With this in hand, we can easily use the term errors to determine when the exact amount is a binder. We have a connection if and only if error nonzero and sum + 2*error is exactly representable, in which case sum and sum + 2*error are the two floats closest to this connection. Using this idea, here is a function that adds two numbers and gives a properly rounded result, but rounds off ties from zero.
def add_ties_away(a, b): """ Return the sum of a and b. Ties are rounded away from zero. """ sum, error = exact_add(a, b) sum2, error2 = exact_add(sum, 2.0*error) if error2 or not error:
Now we can compare the results. sample_sum_errors is a function that generates a list of floats in the range [1, 2], adds them using both the normal addition of rounded links to parity and our regular version of round-ties-away-from-zero, compares with the exact amount and returns errors for both versions, measured in units in last place.
import fractions import random def sample_sum_errors(sample_size=1024): """ Generate `sample_size` floats in the range [1.0, 2.0], sum using both addition methods, and return the two errors in ulps. """ xs = [random.uniform(1.0, 2.0) for _ in range(sample_size)] to_even_sum = pairwise_sum(xs, 0, len(xs)) to_away_sum = pairwise_sum(xs, 0, len(xs), add=add_ties_away)
Here is an example:
>>> sample_sum_errors() (1.6015625, 9.6015625)
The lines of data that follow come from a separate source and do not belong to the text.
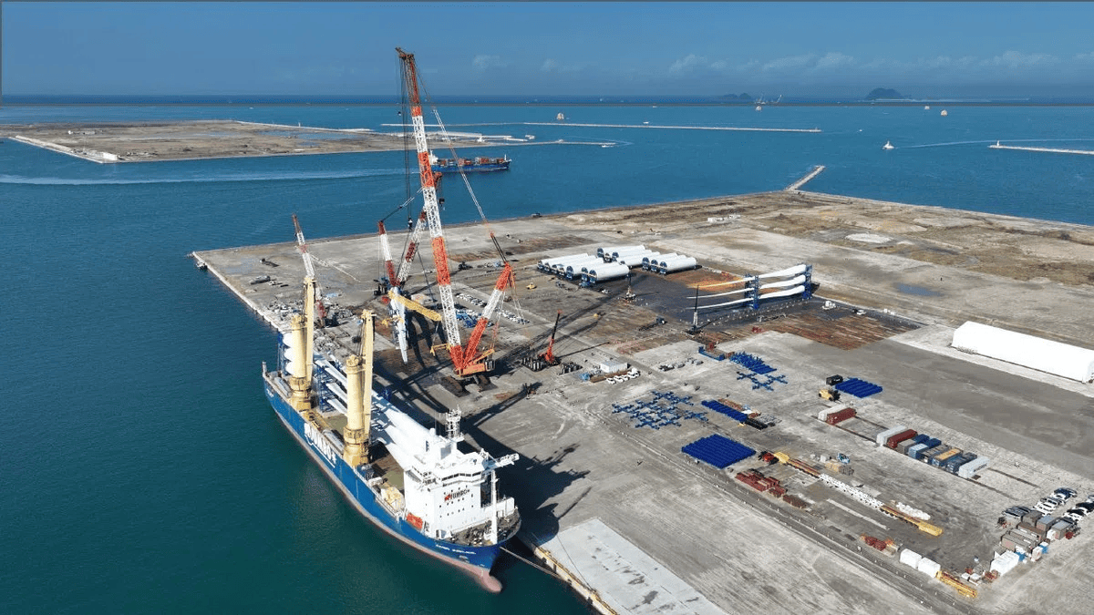 来年度の「風車据付工事」に向けて、海外で製造された風車部材の受入れを進めています。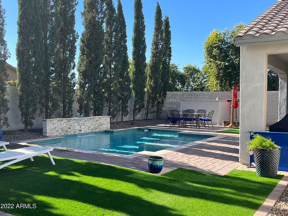 Wow..Price Drop 2/3/22 and best priced home in 85298,85297,85286,85249,& 85248 with sq.ft.(1900-2200) and amenities! Beautiful single level home located in a nice gated community in wonderful Gilbert. This home has recently been updated inside and out, from int. /ext. paint, to backyard makeover w/pool, to new carpet, new backsplash in Kitchen and also a renovated/updated main shower. Look at the documents tab for more info. It has a split floor plan and features a huge open Kitchen/Great room area. The kitchen comes with an enormous island and tons of cabinet space. Tile in all the right places, walk in closets in bedrooms, double sinks in both bathrooms, 3 car garage and all on a nice size corner lot. You will want to see this one with all of its inviting charm, you will be glad you did!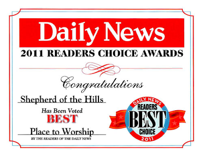 I have always wondered what would happen if the Daily News ever had a category for “Best Place to Worship” in their annual poll for Los Angeles. For some reason it had never been one of the questions listed. Well, for the first time ever they asked that question for 2011 and look what church came in on the top of the list? Drum roll…………… The 2011 Readers Best Choice for Best Place to Worship is SHEPHERD OF THE HILLS CHURCH. Results will be shown in the August 26th edition of the Daily News.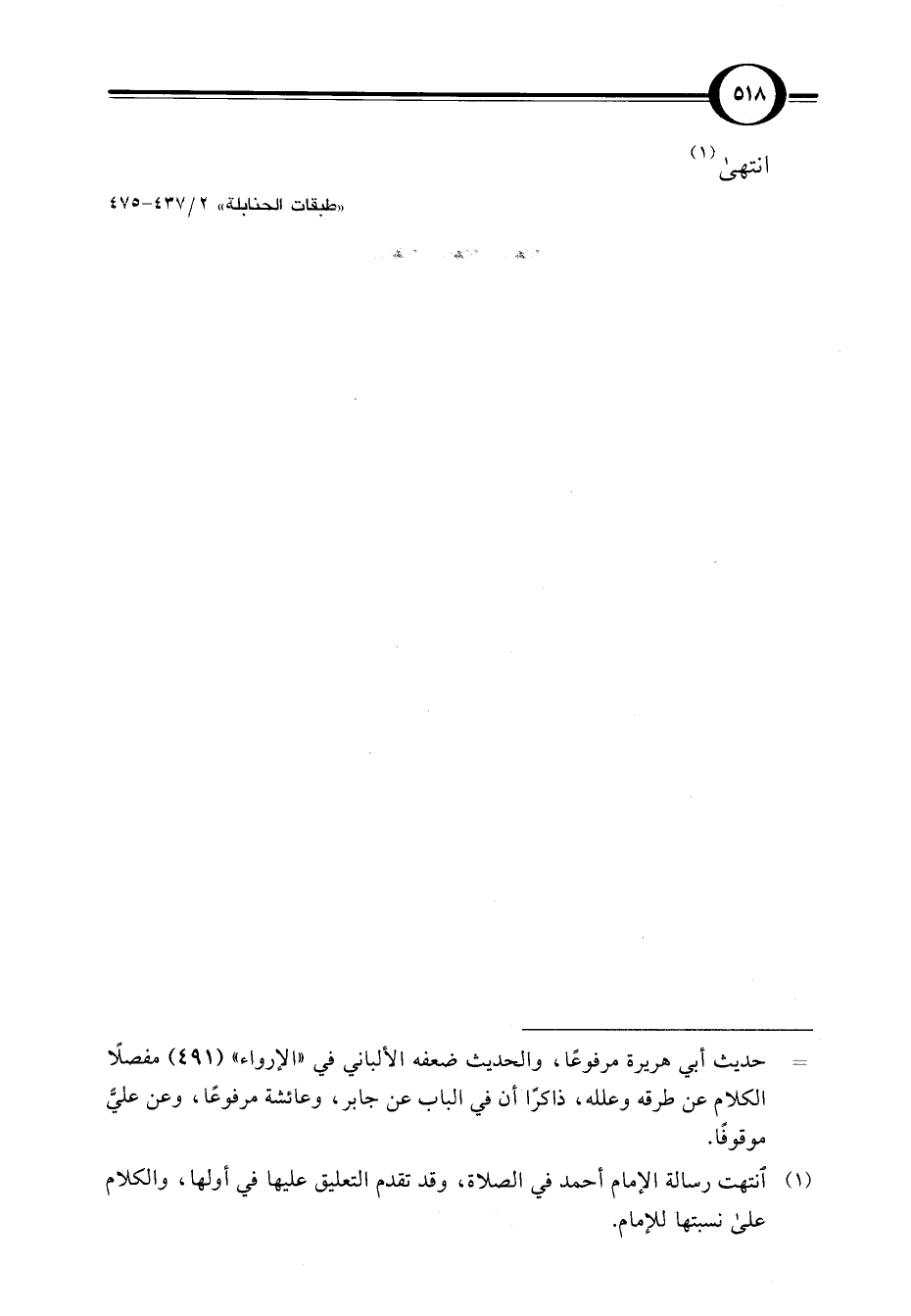 (¬1) انتهت رسالة الإمام أحمد في الصلاة، وقد تقدم التعليق عليها في أولها، والكلام على نسبتها للإمام.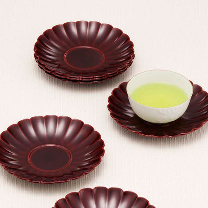 溜 菊彫茶托 五客セット
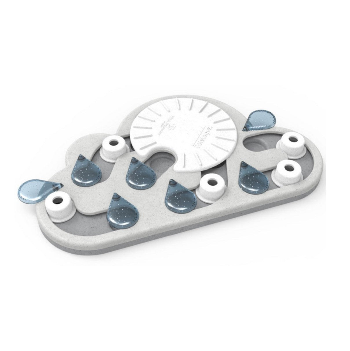 Your smarty cats will love the challenge of the Rainy Day Puzzle & Play by Nina Ottosson. Cats bat at the pegs and swivel the rain drops to uncover the 14 hidden treat compartments. Adjust the difficulty of the puzzle to make it easier for beginners or more challenging for super smarty cats. Each puzzle comes with a Tips and Tricks info sheet to help you get the most out of your puzzle. Replace your standard bowl and feed your cat from the puzzle to engage their natural hunting and foraging instincts. The puzzle holds up to 1/4th cup of food, and is made with food safe materials that you can trust with your kitty.

Thus, the error is 1.6 ulps using the standard addition and the error is 9.6 ulps when rounding ties from zero. Of course, it seems that the tack-from-zero method is worse, but one run is not particularly convincing. Let it do it 10,000 times, with a different random pattern every time, and build the errors that we get. Here is the code:
import statistics import numpy as np import matplotlib.pyplot as plt def show_error_distributions(): errors = [sample_sum_errors() for _ in range(10000)] to_even_errors, to_away_errors = zip(*errors) print("Errors from ties-to-even: " "mean {:.2f} ulps, stdev {:.2f} ulps".format( statistics.mean(to_even_errors), statistics.stdev(to_even_errors))) print("Errors from ties-away-from-zero: " "mean {:.2f} ulps, stdev {:.2f} ulps".format( statistics.mean(to_away_errors), statistics.stdev(to_away_errors))) ax1 = plt.subplot(2, 1, 1) plt.hist(to_even_errors, bins=np.arange(-7, 17, 0.5)) ax2 = plt.subplot(2, 1, 2) plt.hist(to_away_errors, bins=np.arange(-7, 17, 0.5)) ax1.set_title("Errors from ties-to-even (ulps)") ax2.set_title("Errors from ties-away-from-zero (ulps)") ax1.xaxis.set_visible(False) plt.show()
When I run the above function on my machine, I see:
Errors from ties-to-even: mean 0.00 ulps, stdev 1.81 ulps Errors from ties-away-from-zero: mean 9.76 ulps, stdev 1.40 ulps
and I get the following graph:
I planned to take one more step and perform a statistical test for bias across two samples, but the bias from the tack-from-zero method is so noticeable that it seems unnecessary. Interestingly, while the snap-from-zero method gives a weaker result, it gives less error propagation.